*DATA*:
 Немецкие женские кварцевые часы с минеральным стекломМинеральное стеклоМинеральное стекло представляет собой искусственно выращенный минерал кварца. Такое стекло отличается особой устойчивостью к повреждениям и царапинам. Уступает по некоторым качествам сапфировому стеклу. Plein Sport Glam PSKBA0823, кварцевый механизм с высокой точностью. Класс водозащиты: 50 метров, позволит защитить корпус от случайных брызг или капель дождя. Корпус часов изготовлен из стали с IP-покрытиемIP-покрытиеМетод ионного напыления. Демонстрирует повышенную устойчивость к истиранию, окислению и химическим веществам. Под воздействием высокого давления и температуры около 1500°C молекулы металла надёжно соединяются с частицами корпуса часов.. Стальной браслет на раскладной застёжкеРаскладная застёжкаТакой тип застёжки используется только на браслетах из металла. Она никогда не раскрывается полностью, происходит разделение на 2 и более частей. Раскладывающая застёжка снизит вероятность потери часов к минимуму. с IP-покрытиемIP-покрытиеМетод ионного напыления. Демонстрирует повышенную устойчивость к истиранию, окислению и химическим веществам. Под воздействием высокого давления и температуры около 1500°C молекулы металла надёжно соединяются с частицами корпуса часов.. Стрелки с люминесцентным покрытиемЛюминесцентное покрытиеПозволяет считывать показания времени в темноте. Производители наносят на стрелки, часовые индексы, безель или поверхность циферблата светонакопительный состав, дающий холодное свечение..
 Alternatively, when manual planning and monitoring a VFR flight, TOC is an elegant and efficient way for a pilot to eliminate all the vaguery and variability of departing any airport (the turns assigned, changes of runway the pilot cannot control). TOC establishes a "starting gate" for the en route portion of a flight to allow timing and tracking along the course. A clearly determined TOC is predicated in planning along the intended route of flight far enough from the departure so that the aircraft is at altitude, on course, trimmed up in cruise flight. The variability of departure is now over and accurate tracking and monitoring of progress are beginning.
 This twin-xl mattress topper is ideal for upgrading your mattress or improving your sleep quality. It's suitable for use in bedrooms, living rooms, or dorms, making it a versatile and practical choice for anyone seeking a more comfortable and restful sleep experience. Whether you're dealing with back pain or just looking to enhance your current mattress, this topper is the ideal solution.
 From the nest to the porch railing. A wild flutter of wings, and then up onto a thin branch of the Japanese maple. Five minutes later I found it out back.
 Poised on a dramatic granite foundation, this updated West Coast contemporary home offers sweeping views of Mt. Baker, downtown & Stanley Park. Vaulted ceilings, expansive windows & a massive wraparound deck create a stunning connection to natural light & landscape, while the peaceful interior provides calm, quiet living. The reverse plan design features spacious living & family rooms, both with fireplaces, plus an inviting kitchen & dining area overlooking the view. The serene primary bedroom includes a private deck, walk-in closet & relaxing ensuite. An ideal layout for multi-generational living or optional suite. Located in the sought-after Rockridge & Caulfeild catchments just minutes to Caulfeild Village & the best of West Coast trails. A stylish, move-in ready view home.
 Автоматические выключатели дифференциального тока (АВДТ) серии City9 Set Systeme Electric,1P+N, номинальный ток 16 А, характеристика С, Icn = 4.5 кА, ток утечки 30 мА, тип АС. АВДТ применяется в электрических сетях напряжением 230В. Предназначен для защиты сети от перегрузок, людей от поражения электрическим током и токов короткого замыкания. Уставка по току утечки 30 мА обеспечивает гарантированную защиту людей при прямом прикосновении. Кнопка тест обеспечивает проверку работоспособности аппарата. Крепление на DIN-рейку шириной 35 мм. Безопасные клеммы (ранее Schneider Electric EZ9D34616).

---

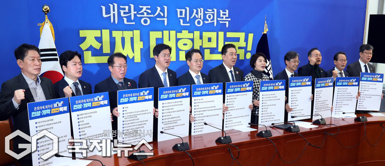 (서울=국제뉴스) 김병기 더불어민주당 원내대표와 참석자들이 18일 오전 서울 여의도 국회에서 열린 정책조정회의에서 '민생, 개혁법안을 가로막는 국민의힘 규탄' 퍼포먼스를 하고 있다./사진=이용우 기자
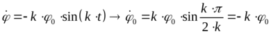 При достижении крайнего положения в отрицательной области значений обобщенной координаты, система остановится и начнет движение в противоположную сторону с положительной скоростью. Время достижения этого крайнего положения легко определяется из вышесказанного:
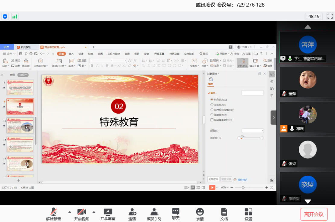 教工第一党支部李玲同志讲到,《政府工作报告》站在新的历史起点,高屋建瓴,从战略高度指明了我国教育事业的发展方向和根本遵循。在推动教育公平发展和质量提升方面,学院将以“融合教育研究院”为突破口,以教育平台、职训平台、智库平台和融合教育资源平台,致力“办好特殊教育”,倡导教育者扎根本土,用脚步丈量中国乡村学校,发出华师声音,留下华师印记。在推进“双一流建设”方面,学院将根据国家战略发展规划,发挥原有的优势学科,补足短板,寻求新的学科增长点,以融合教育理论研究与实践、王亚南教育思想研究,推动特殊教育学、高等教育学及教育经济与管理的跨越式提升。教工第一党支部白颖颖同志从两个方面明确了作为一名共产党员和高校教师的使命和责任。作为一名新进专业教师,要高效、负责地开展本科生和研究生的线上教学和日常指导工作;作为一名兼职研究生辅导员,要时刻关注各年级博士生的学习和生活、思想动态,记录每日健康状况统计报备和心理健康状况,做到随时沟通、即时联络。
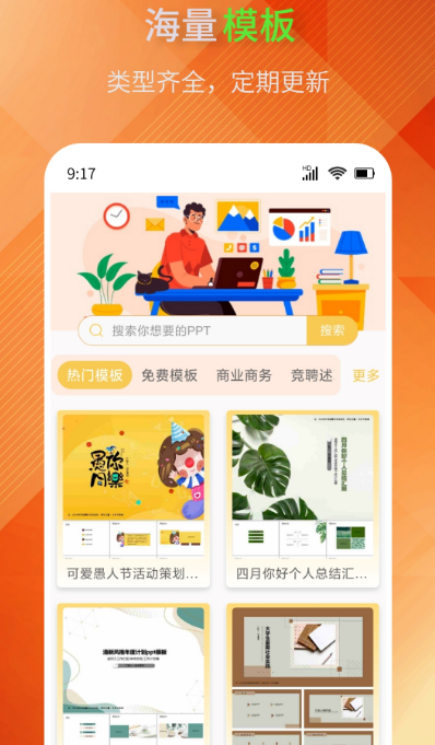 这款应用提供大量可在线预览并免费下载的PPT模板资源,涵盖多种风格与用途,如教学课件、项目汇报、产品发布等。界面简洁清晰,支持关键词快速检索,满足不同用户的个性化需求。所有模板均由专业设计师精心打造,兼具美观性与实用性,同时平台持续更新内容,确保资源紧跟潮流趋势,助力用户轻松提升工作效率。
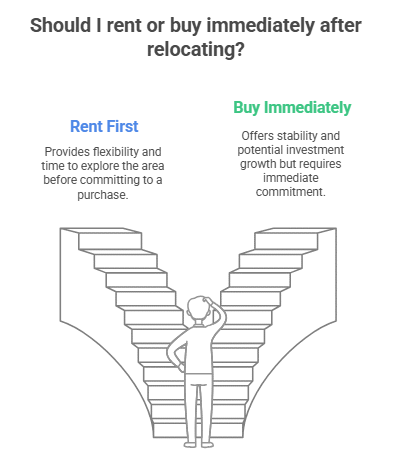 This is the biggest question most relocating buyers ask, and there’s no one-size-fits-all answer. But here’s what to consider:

*DIRECTIONS FOR THIS TASK*: Look above for the line containing "From the nest". Output from there through the line containing "Автоматические выключатели дифференциального", exactly and inclusively.

*EXERCISE RESPONSE*:
 From the nest to the porch railing. A wild flutter of wings, and then up onto a thin branch of the Japanese maple. Five minutes later I found it out back.
 Poised on a dramatic granite foundation, this updated West Coast contemporary home offers sweeping views of Mt. Baker, downtown & Stanley Park. Vaulted ceilings, expansive windows & a massive wraparound deck create a stunning connection to natural light & landscape, while the peaceful interior provides calm, quiet living. The reverse plan design features spacious living & family rooms, both with fireplaces, plus an inviting kitchen & dining area overlooking the view. The serene primary bedroom includes a private deck, walk-in closet & relaxing ensuite. An ideal layout for multi-generational living or optional suite. Located in the sought-after Rockridge & Caulfeild catchments just minutes to Caulfeild Village & the best of West Coast trails. A stylish, move-in ready view home.
 Автоматические выключатели дифференциального тока (АВДТ) серии City9 Set Systeme Electric,1P+N, номинальный ток 16 А, характеристика С, Icn = 4.5 кА, ток утечки 30 мА, тип АС. АВДТ применяется в электрических сетях напряжением 230В. Предназначен для защиты сети от перегрузок, людей от поражения электрическим током и токов короткого замыкания. Уставка по току утечки 30 мА обеспечивает гарантированную защиту людей при прямом прикосновении. Кнопка тест обеспечивает проверку работоспособности аппарата. Крепление на DIN-рейку шириной 35 мм. Безопасные клеммы (ранее Schneider Electric EZ9D34616).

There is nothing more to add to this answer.